Wednesday 1 February 2017

News from the American College of Cardiology - New Electrocardiograph by Mortara

In a much-anticipated release, Mortara Instrument released their new ELI 350 electrocardiograph. Much anticipated in the sense that it is the newest in a line of DICOM-ready carts that Mortara has produced and looks to be a strong contender in the diagnostic ECG space. Sporting the largest, most high resolution screen on the market, the units affordable price tag will certainly get noticed as well as hospitals budgets have less room for devices that dont produce a lot of revenue, especially those devices which are just warmed-up versions of previous models.



With a unique integrated wireless module, the unit can communicate with virtually any wireless network natively. The 17 display is high-resolution, yet durable and looks to be the brightest on the market. At the heart of the machine is the Mortara Veritas measurement algorithm, which is the same algorithm that the FDA uses to benchmark cardiac drug studies, that, amidst all of the hype of algorithm variants such as gender specificity from other manufacturers, sports some of the highest sensitivity/specificity statistics for infarct detection. The capability to send to DICOM systems such as Cerner CV Net, and more importantly, the ability to receive orders via Modality Worklist or HL7 makes the ELI 350  truly a unique specimen.
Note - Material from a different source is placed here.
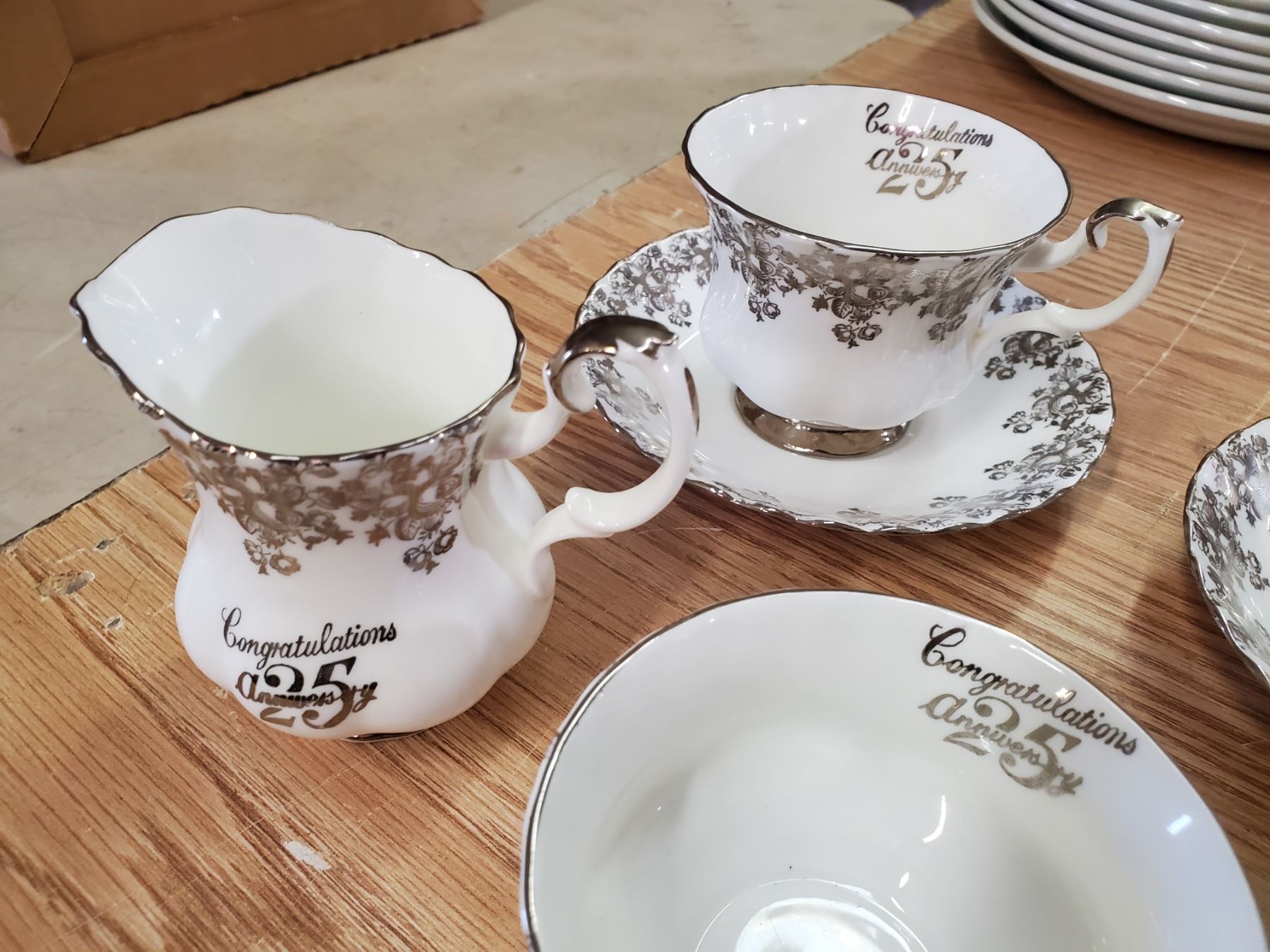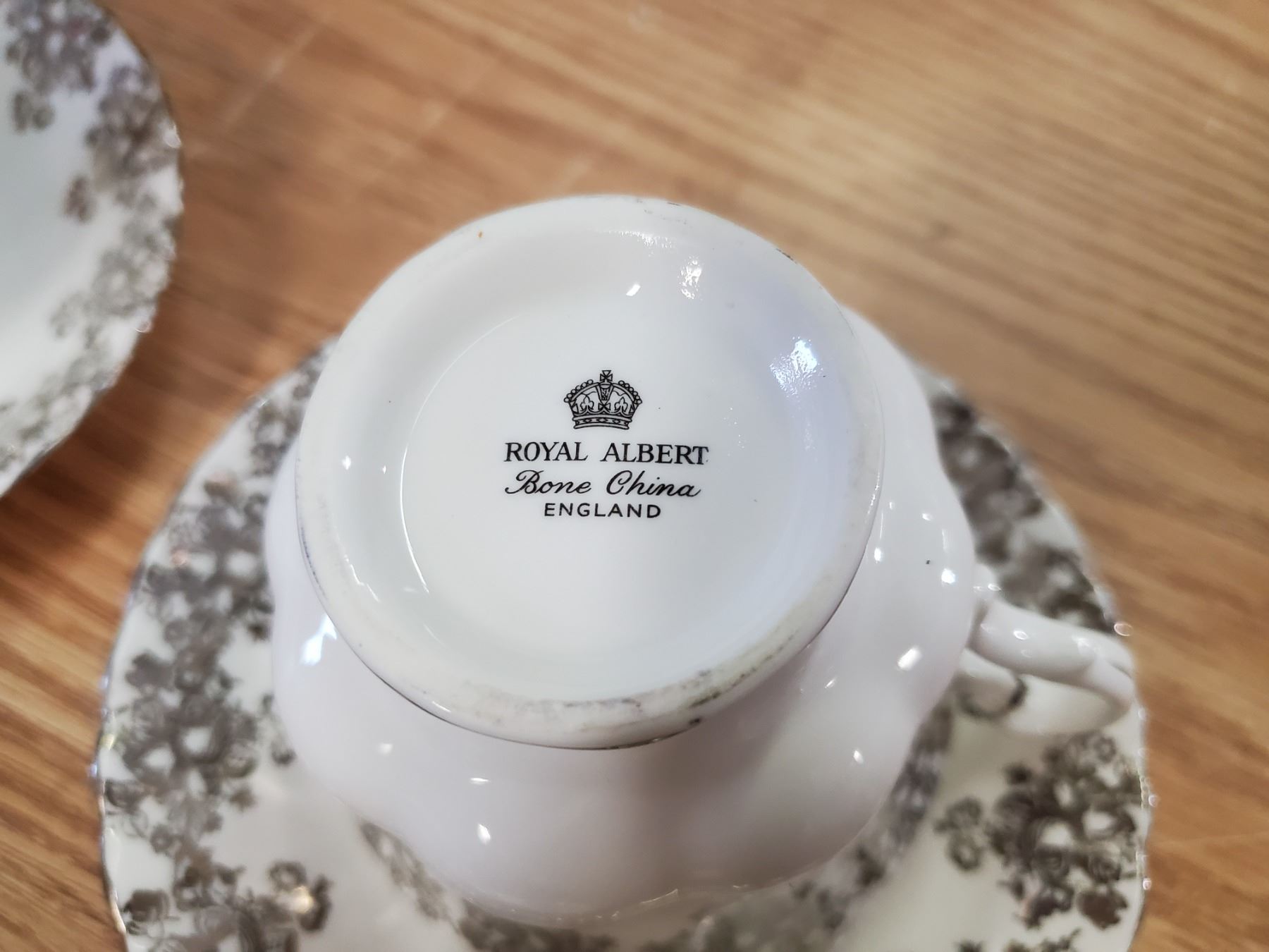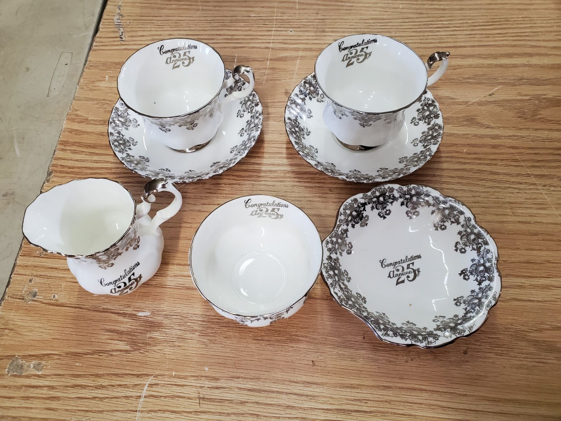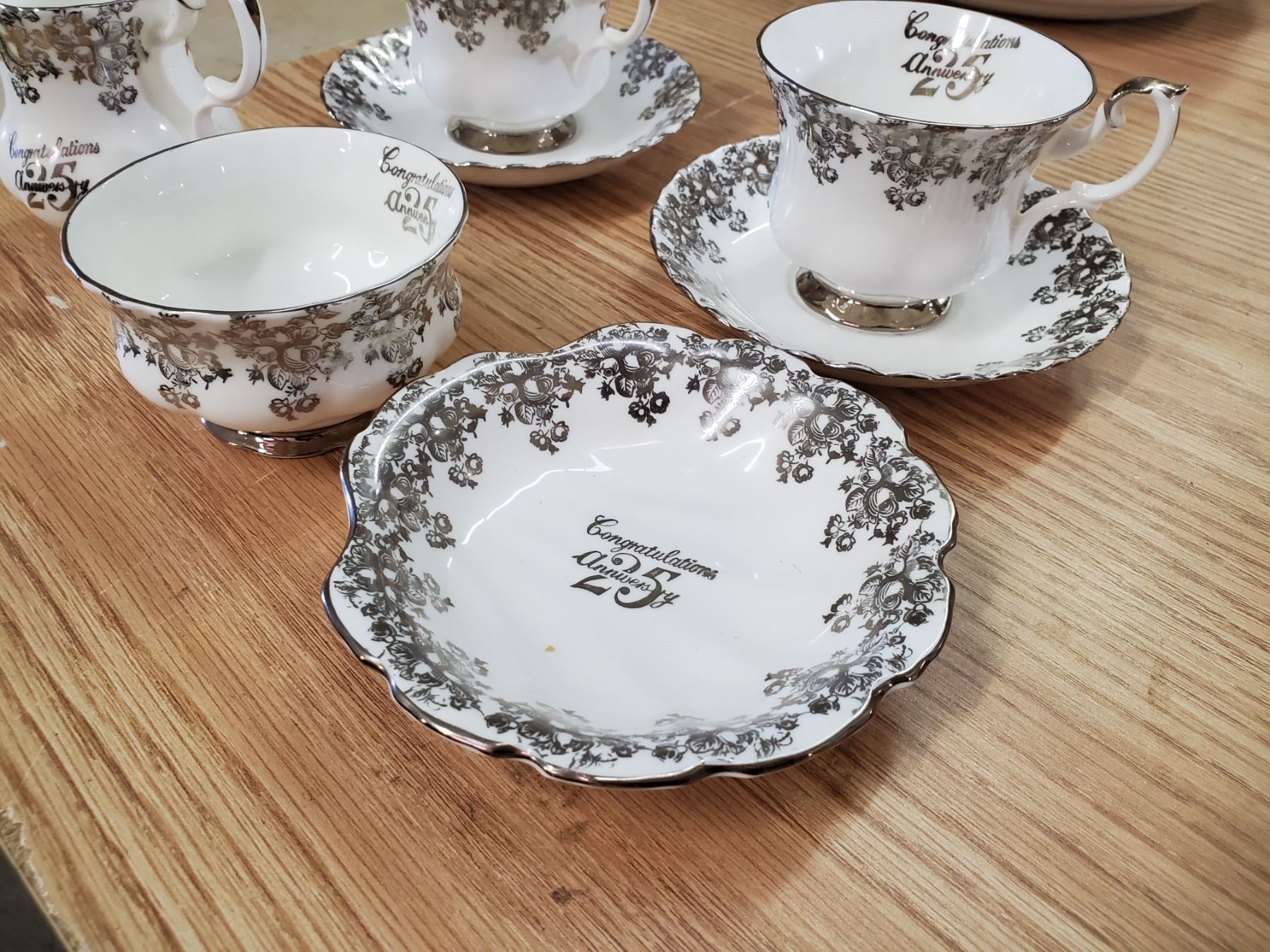 ROYAL ALBERT 25TH ANNIVERSARY TEACUPS & SAUCERS, CREAM, SUGAR & TRAY

Mortara also unveiled the new ELI10 handheld ECG device which will be the first handheld acquisition device with DICOM output and ECG database integration. WIth integrated wireless networking, it has the unique ability to print unconfirmed reports at proximal defined laser printers based upon the location selected (ICU, ER, etc), that is if a printed page is required. Interestingly almost all of the existing ECG databases, MUSE, Tracemaster, Pyramis, etc. print all of the ECGs in a pile which are then dumped in the trash as the report is transcribed for the physician. This equates to several cases of paper each month that are basically tossed in the trash. The ELI 10 is truly a paradigm-changer in this regard allowing an EKG tech to travel from patient to patient quickly and comfortably to acquire ECGs and store directly to the patient record. Isnt this what weve all been demanding for all of these years?